Покачивая бёдрами, Лера не спеша прошлась по комнате, выбрасывая ноги словно цапля, громко щёлкая каблуками, и сгибая эту тросточку буквой U то вверх то вниз; та была очень упруга, поскольку тут же и выпрямлялась. Затем она обошла Олежку, постояла над ним словно любуясь, пощекотала его кончиком тросточки по попе и вдоль спины, подойдя к креслу, всё так же не спеша уселась на него. Сильный рывок за цепочку и пинок под рёбра - "Ты там не уснул?!" - вывел Олежку из оцепенения, и он на животе пополз к ногам госпожи. Лера ещё раз согнула тросточку, почти колесом, взяла цепочку из рук у Женьки, крепко натянула её.
Носком туфли Лера приподняла его голову под подбородок, с каким-то наслаждением оглядела его, жалкого и трясущегося. Поднесла тросточку к его лицу, слегка похлопала ею по его щекам.
- Сладкий, знаешь что это такое? Это ещё один твой нравоучитель, тоже хлыст, одна из его разновидностей, называется стек. Очень скоро ты познакомишься с ним вплотную, он будет учить тебя вести себя правильно, а потому сейчас поцелуй-ка его! Ну? Оглох, или не понял что велит госпожа? - и Лера со свистом огрела Олежку по левой стороне попы. От жуткой боли он подпрыгнул на животе.
- Ты понял приказ, или вот ОН должен будет тебе о нём напомнить? - Лера довольно сильно похлопала стеком Олежку по попе. Тот вскинулся.
- Не бейте меня, госпожа Лера! Простите! Я... нечаянно! Просто не сразу!
- Приказ госпожи должен исполняться мгновенно! - Лера кивнула Марине, и та несколько раз с протяжкой хлестнула Олежку плетью. Проступила кровь, он взвыл и забился. - Помнишь приказ? - Лера вновь поднесла стек к его губам, и ему пришлось исполнить. - Ну, а теперь знаешь, что следует делать? - и она сунула к его лицу туфлю.
Олежка облизал обувь госпожи, затем последовало целование ступни и сосание большого пальца на ноге.
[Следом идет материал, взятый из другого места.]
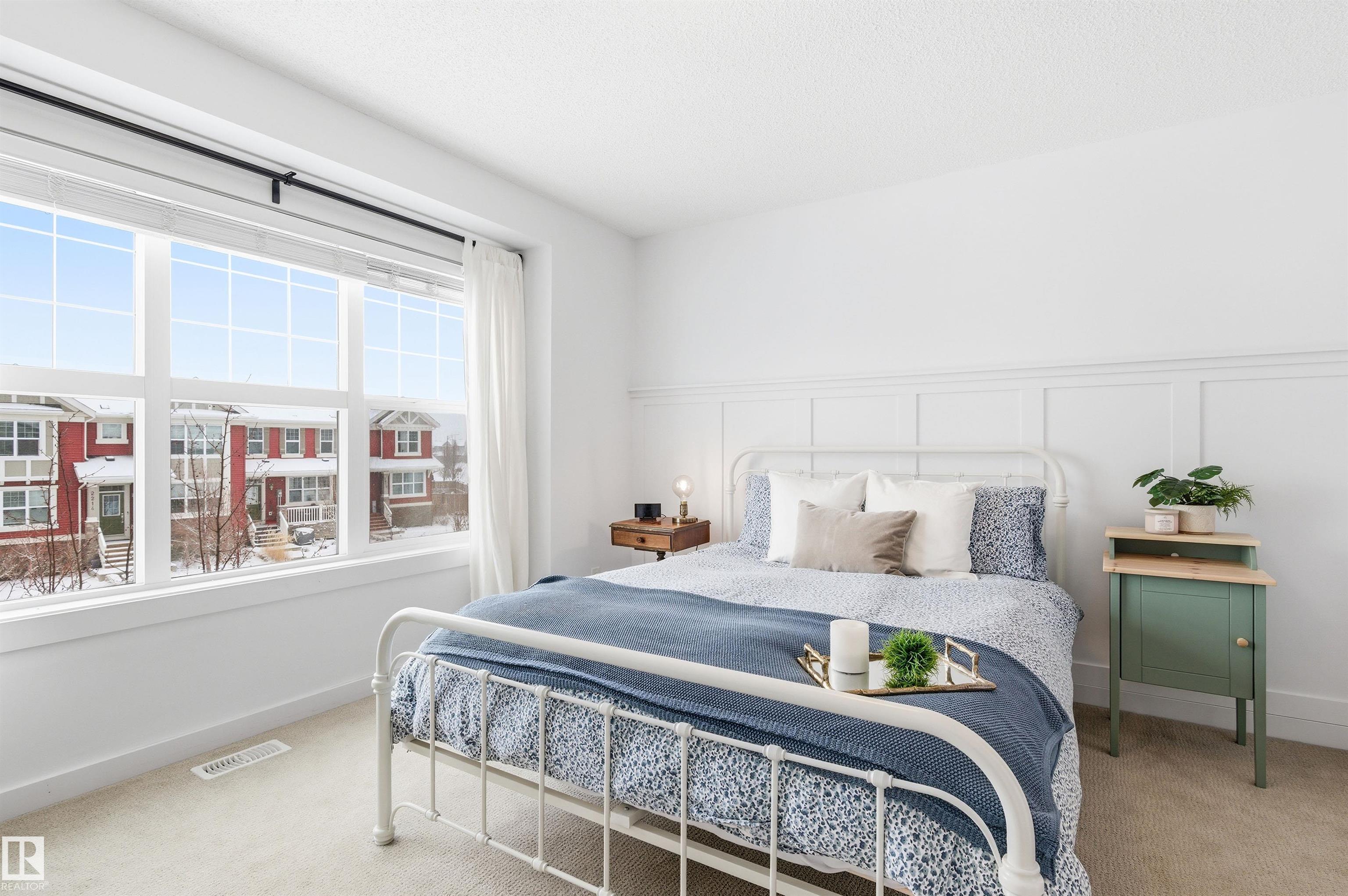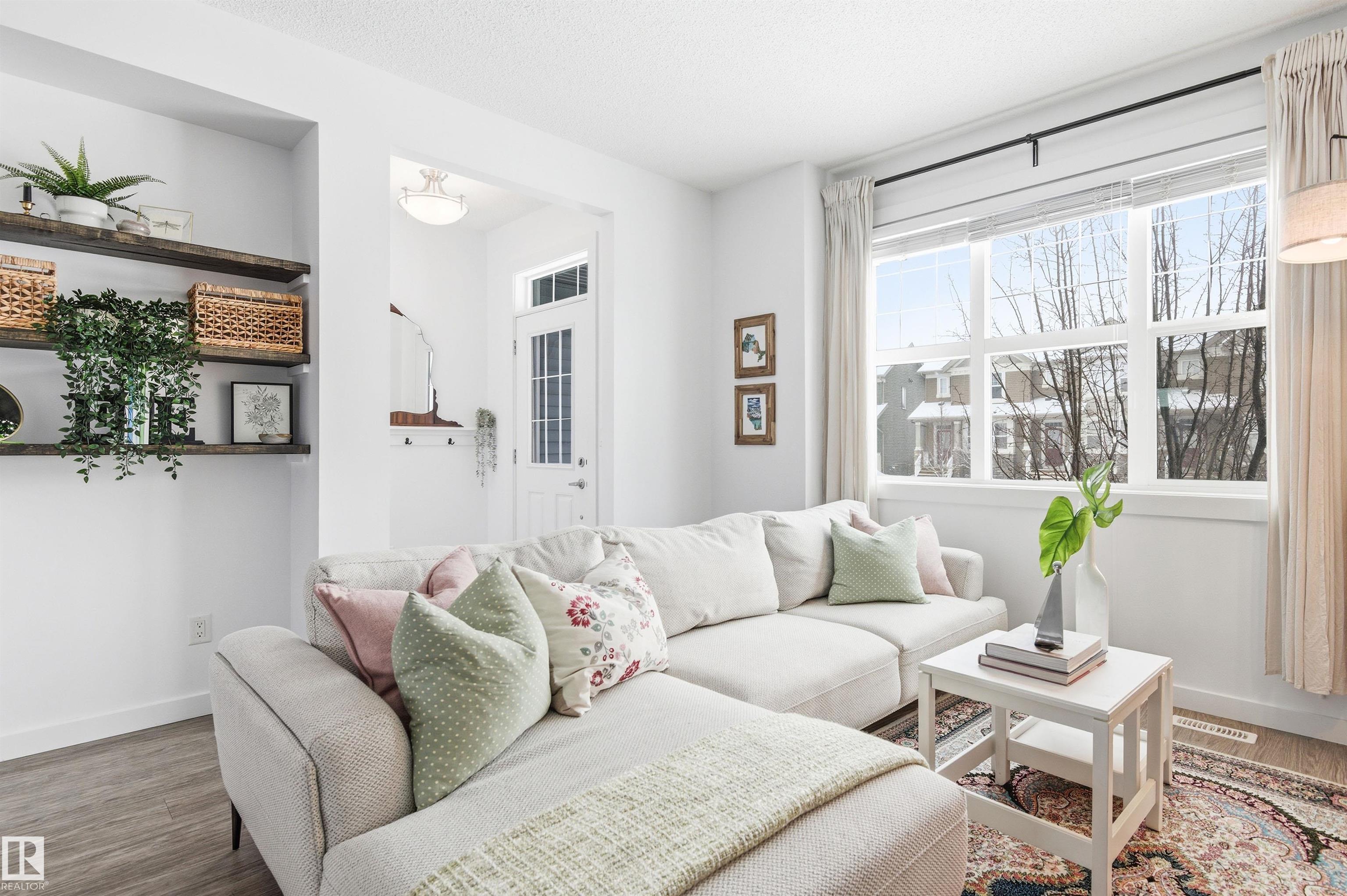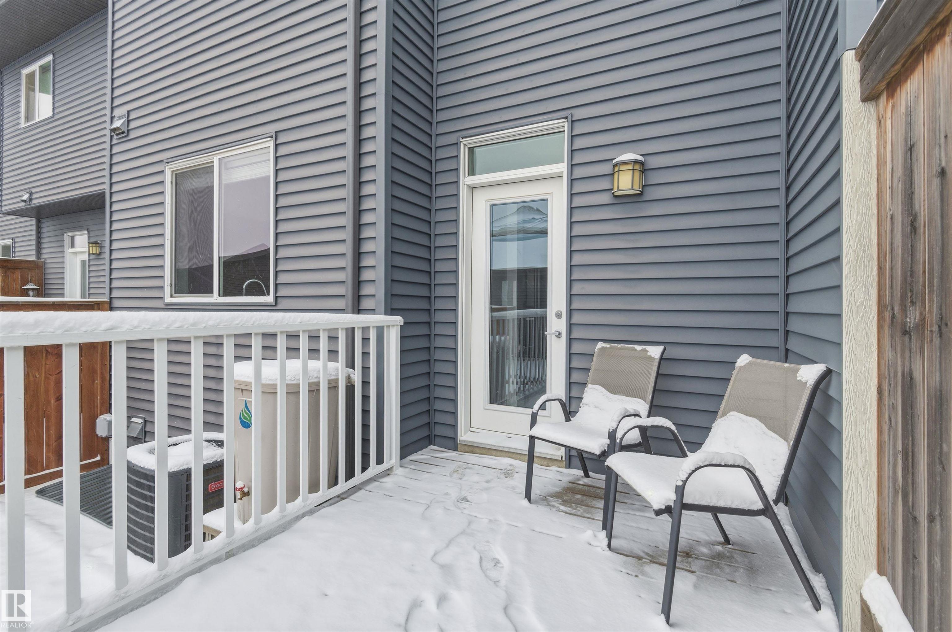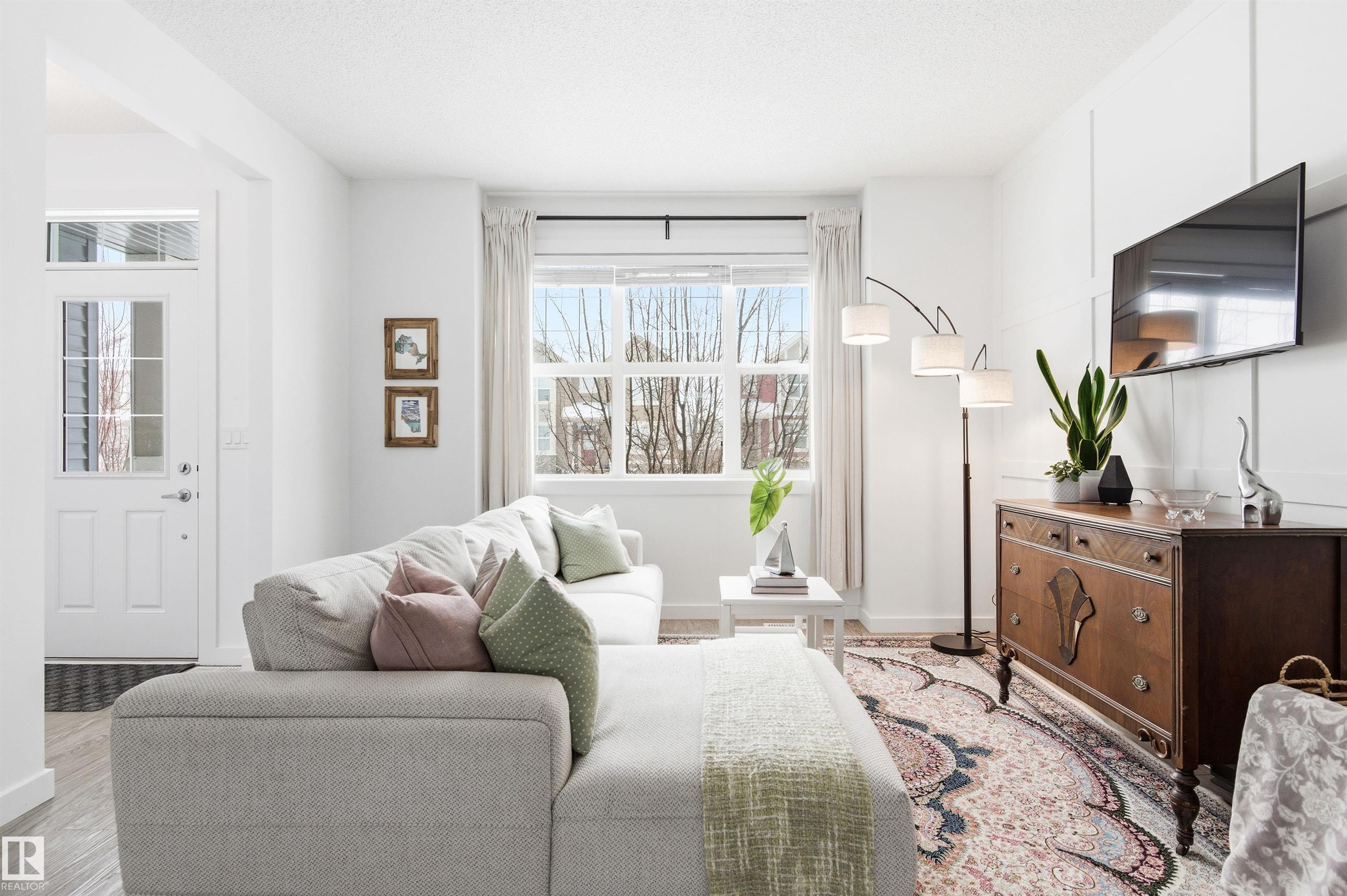 Stylish and functional attached townhouse-style home in a highly convenient Southwest Edmonton location! Offering over 1,400 sq ft of well-designed living space, this property features a bright and open main floor with a spacious living room, dedicated dining area, and a practical kitchen complete with pantry and access to the sunny south-facing backyard. Upstairs, you'll find a generous primary bedroom with walk-in closet and ensuite, a second bedroom, full bathroom, and a versatile den/office space perfect for working from home. Enjoy everyday comfort with AIR CONDITIONING, plus the added value of a DOUBLE GARAGE and NO CONDO FEES. The sunny south backyard is ideal for relaxing or entertaining. Located close to schools, parks, shopping, and major commuter routes, this is an excellent opportunity for first-time buyers or young families seeking a move-in-ready home in a prime SW location!

Завершилось всё фразой "Я хочу услужать госпоже Лере". Точно так же он в точности всё повторил и с остальными девками - "... госпоже Веронике"...; "... госпоже Марине"...; "... госпоже Жене"... .
- Более или менее послушный мальчик! - хохотнула Женька.
- Он у меня даже в его же квартире был послушным! - вставила Марина. - Я ему сделала "дождик", и представляете, он его полностью принял! Проглотил!
Вероника вдруг захлопала в ладоши и запрыгала на стуле как завидевшая лакомство мартышка.
- О, значит уже и "унитаз"? - радостно взвизгнула она. - Треба спробовать! Ещё хоть разок! Может, надрессируется?
- Только на даче! Завтра утром поедем ведь все! - отвечала Лера.
Вероника с сожалением стала говорить, что ей надо каждый день ходить в поликлинику на уколы, но Женька успокоила её.
- Я умею делать уколы. Ты возьми с собой только ампулы и шприцы. Жаль, с нами не будет Лизы! Она классно колет, и не почувствуешь! Вливает тоже очень аккуратно! Мне недавно делала полтора месяца подряд!
- Так ведь на то она и училась!
Закончив со всеми разговорами, Лера уселась в кресле поудобней, притянула Олежку поближе к себе и поставила ногу ему на шею. Её тонкий острый каблук больно впился ему в затылок.
- Теперь мы все хотим услышать от тебя, именно от тебя, зачем ты назвал неправильный адрес и хотел уйти в чужой подъезд? Чистосердечное признание, сам знаешь! - и Лера с силой прошлась стеком вдоль Олежкиной попы.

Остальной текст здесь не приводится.